Histórias da Loucura Normal: A Colónia Penal


A COLÓNIA PENAL
FRANZ KAFKA
(1914)

- É um aparelho muito curioso, disse o oficial ao explorador, deitando à máquina, que conhecia no entanto muito bem, uma olhadela de admiração. 
Dir-se-ia que só por cortesia o explorador acedera ao convite do comandante, para ir assistir à execução de um soldado condenado por indisciplina e afronta a um superior. Nessa colónia, o interesse por tal operação era, aliás, reduzido. Não se via no vale, uma bacia de areia profunda e envolvida por encostas nuas, para além do oficial e do explorador, senão o condenado, um homem estúpido com uma boca enorme, uma cabeça suja com os cabelos imundos, e um soldado carregando uma pesada corrente de onde prendiam os pés, os tornozelos e o pescoço do forçado. Outras correntes ligavam-nas uma às outras. Contudo, o condenado tinha um ar tão caninamente resignado que dava a impressão de que o poderiam deixar correr em liberdade pelas encostas, para o fazer voltar, à hora da execução, com um simples assobio.
O viajante não sentia pela máquina nenhum interesse real; com um olhar ausente, andava de um lado para o outro, por trás do condenado, enquanto o oficial tratava dos últimos preparativos, ora rastejando sob o aparelho cuja base repousava num fosso, ora trepando a uma escada para controlar o funcionamento das partes superiores. Tratava-se de trabalhos que poderiam ter sido deixados ao cuidado de um mecânico, mas o oficial executava-os com muito zelo, ou porque fosse um partidário particularmente fervoroso da máquina, ou porque, por outras razões, não podia confiá-los a mais ninguém. 

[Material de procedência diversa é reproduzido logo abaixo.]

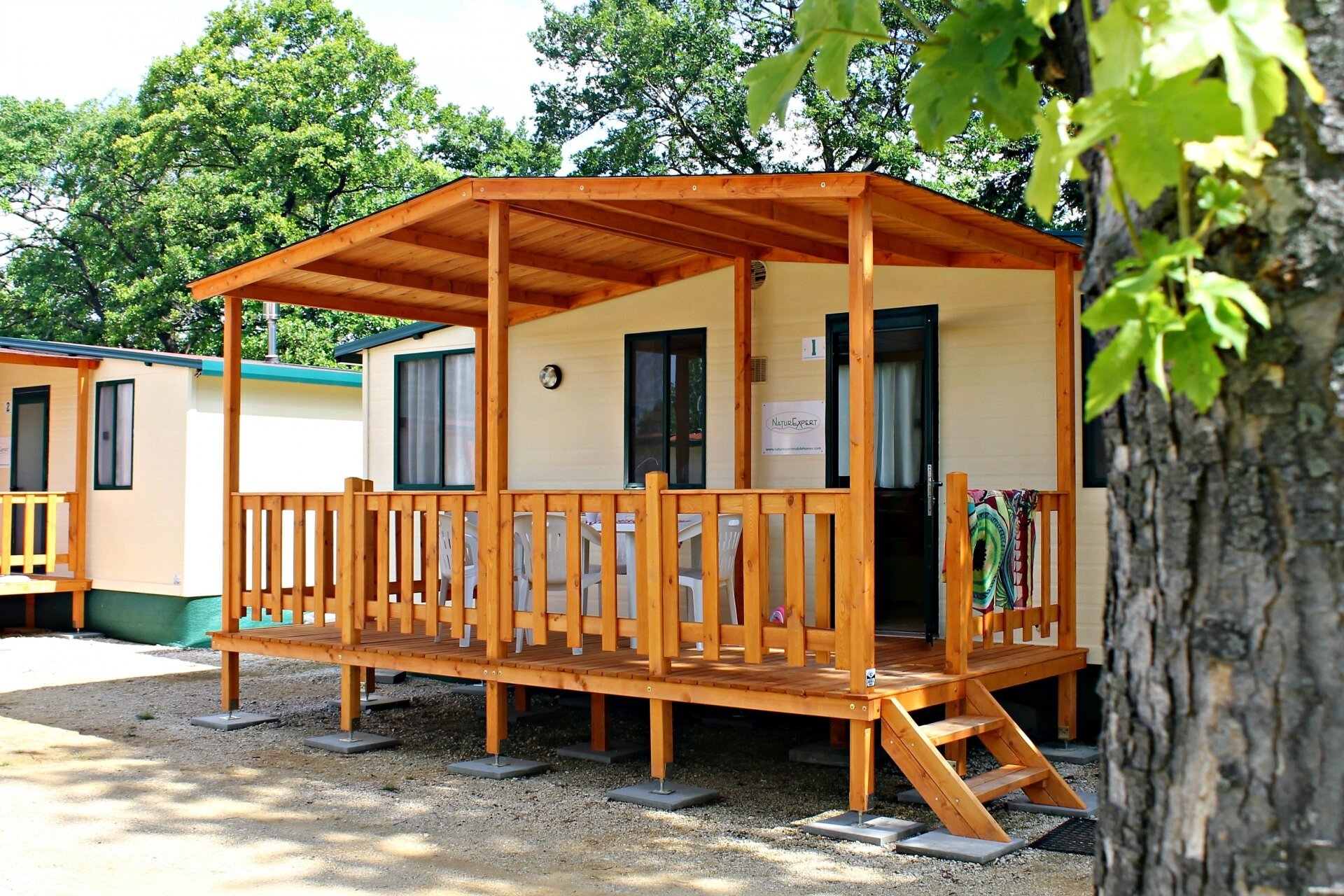 Zu jedem Mobilheim gehört eine Terrasse mit Plastik Gartenmöbeln für 6 Personen und 2 Liegestühle direkt neben dem Haus.

- Agora está tudo a postos, exclamou ele por fim, descendo da escada. 
Estava extraordinariamente cansado, abria a boca toda para respirar e tinha enfiado dois elegantes lenços de mulher entre a nuca e o colarinho. 
- Esses uniformes são demasiado pesados para os trópicos, disse o viajante, em vez de se informar acerca da máquina, como o oficial esperaria. 

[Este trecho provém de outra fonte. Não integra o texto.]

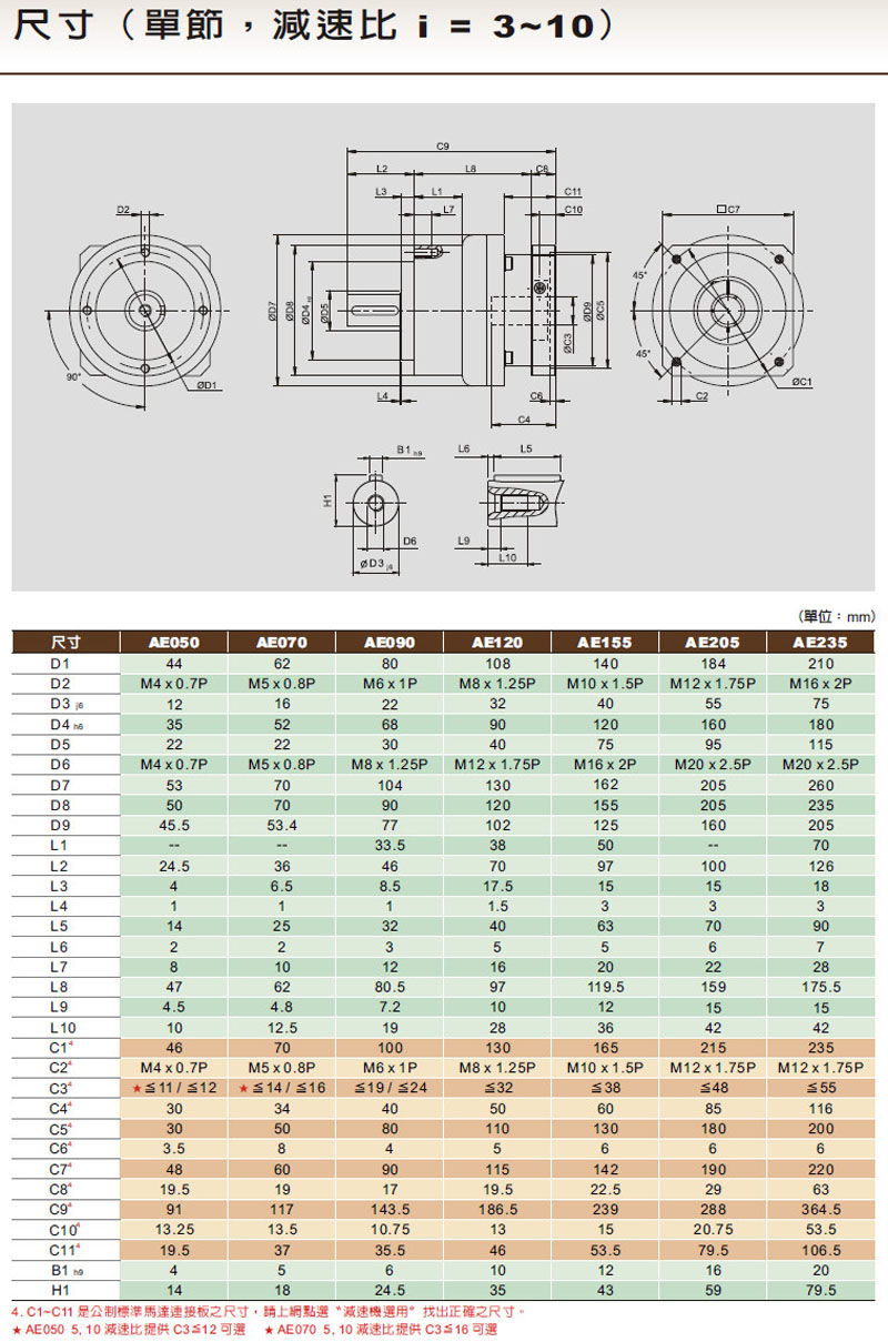 AE050,AE070,AE090,AE120,AE155,AE205,AE235,伺服專用減速機(jī)

- Sem dúvida, disse o oficial enquanto lavava as mãos manchadas de óleo e de gordura num balde colocado ali para esse efeito, mas simbolizam a pátria e nós não queremos perder a pátria. Veja-me só esta máquina, acrescentou, apontando-a enquanto enxugava as mãos numa toalha. Até há pouco era preciso servi-la, agora funciona sozinha. 
O viajante acenou afirmativamente e seguiu o oficial. Este, prevenindo-se contra qualquer contratempo, disse: 
- Podem surgir perturbações; hoje não as vai haver, espero, mas é preciso contar sempre com elas. O sistema deve poder funcionar doze horas seguidas; se surgirem algumas perturbações, serão mínimas e poderemos remediá-las imediatamente. Não deseja sentar-se? Perguntou finalmente, extraindo uma cadeira dum grande monte de cadeiras de verga e oferecendo-a ao viajante. 
Este não pôde recusar. Agora estava sentado à beira de um fosso ao qual deitou uma rápida olhadela. Não era muito profundo. Num dos lados a terra extraída tinha formado um talude, no outro erguia-se a máquina. 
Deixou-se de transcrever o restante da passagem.